An adaptive error measure, weights and sampling criterion for 3D registration algorithms. Adjusting a sampling criterion for each entity of the 3D model by a factor controlled by a value associated with the expected error for the particular entity, derived from parameters such as accuracy and local 3D model density. Similar adjusted error measure that evaluates the quality of the 3D registration result at different regions of the 3D models, and an adjusted weighting scheme, that assign weight for each entity of the 3D model, are also discussed. In an iterative 3D registration algorithm, adjusted outlier detection criterion after each iteration according to the convergence rate of the algorithm is presented, therefore allowing iterative 3D registration algorithms to escape areas of slow convergence rate and local minima.

Description

    TECHNOLOGICAL FIELD
  • The invention relates to 3D processing and to 3D registration.
  • BACKGROUND
  • As is known by those versed in the art, 3D registration involves an attempt to align two or more 3D models, by finding or applying spatial transformations over the 3D models. 3D registration is useful in many imaging, graphical, image processing, computer vision, medical imaging, robotics, and pattern matching applications.

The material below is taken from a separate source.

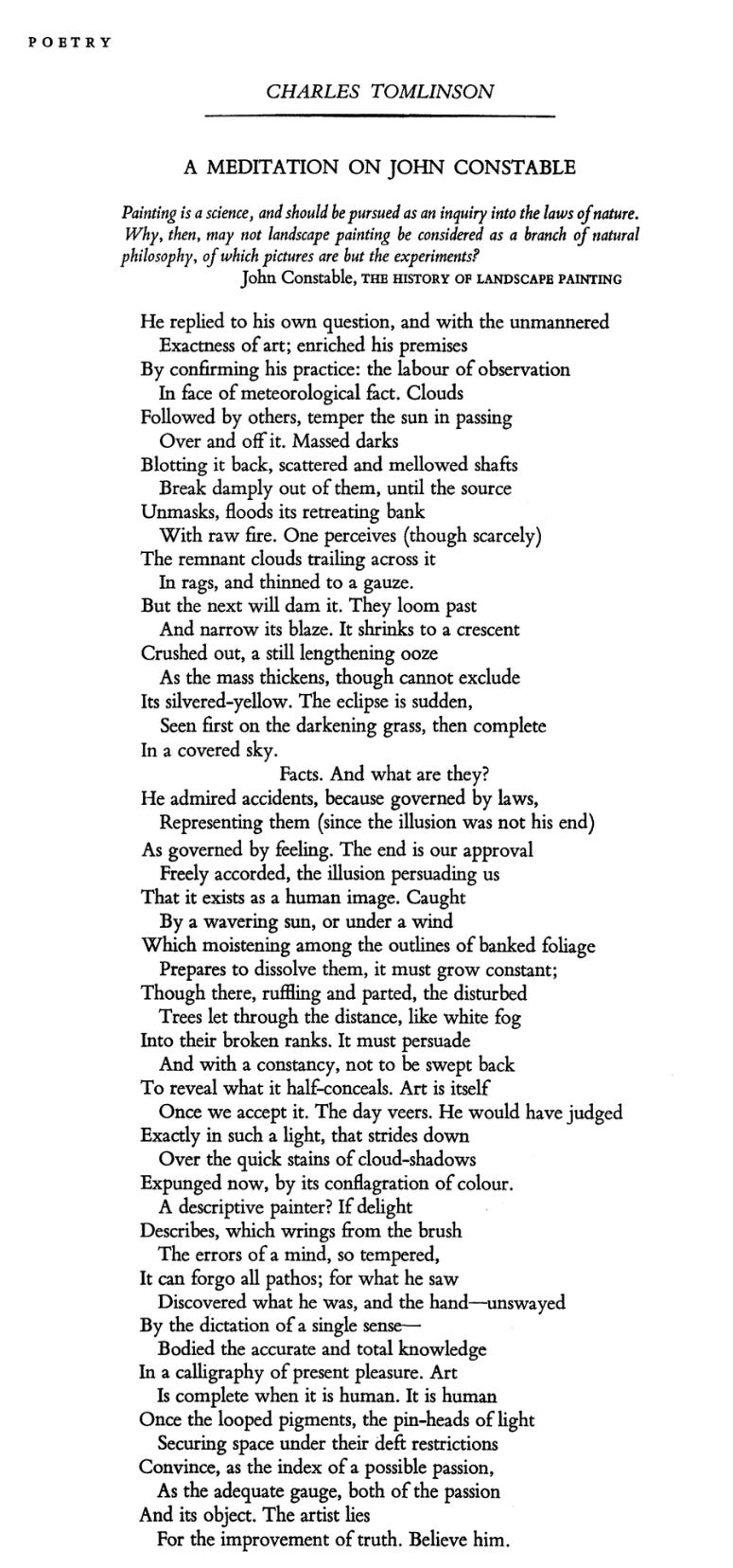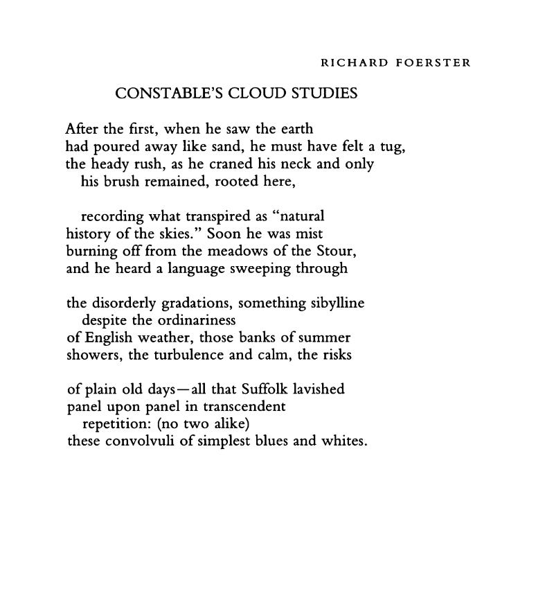 I was struck by the quite obvious realization that different people write poems about the same things all the time over and over again. This undeniable fact is of limited interest—par for the course—when the chosen subject is broad and general: love, birds, death. It is of greater interest when that thing is as specific as John Constable, for the thing seems specific, but the proliferation of poems seems to prove that it is not.

  • Examples of scenarios were 3D registration involves significant challenges include: a moving 3D camera, or multiple 3D cameras with different positions and directions and generating a plurality of 3D models of a static scene from different viewpoints. In these examples, the 3D registration process may involve recovering the relative positions and directions of the different viewpoints. Recovering the relative positions and directions of the different viewpoints can further enable merging of the plurality of 3D models into a single high quality 3D model of the scene. Alternatively, the recovered positions and directions can be used in a calibration process of a multiple 3D camera system, or to reconstruct the trajectory of a single moving camera.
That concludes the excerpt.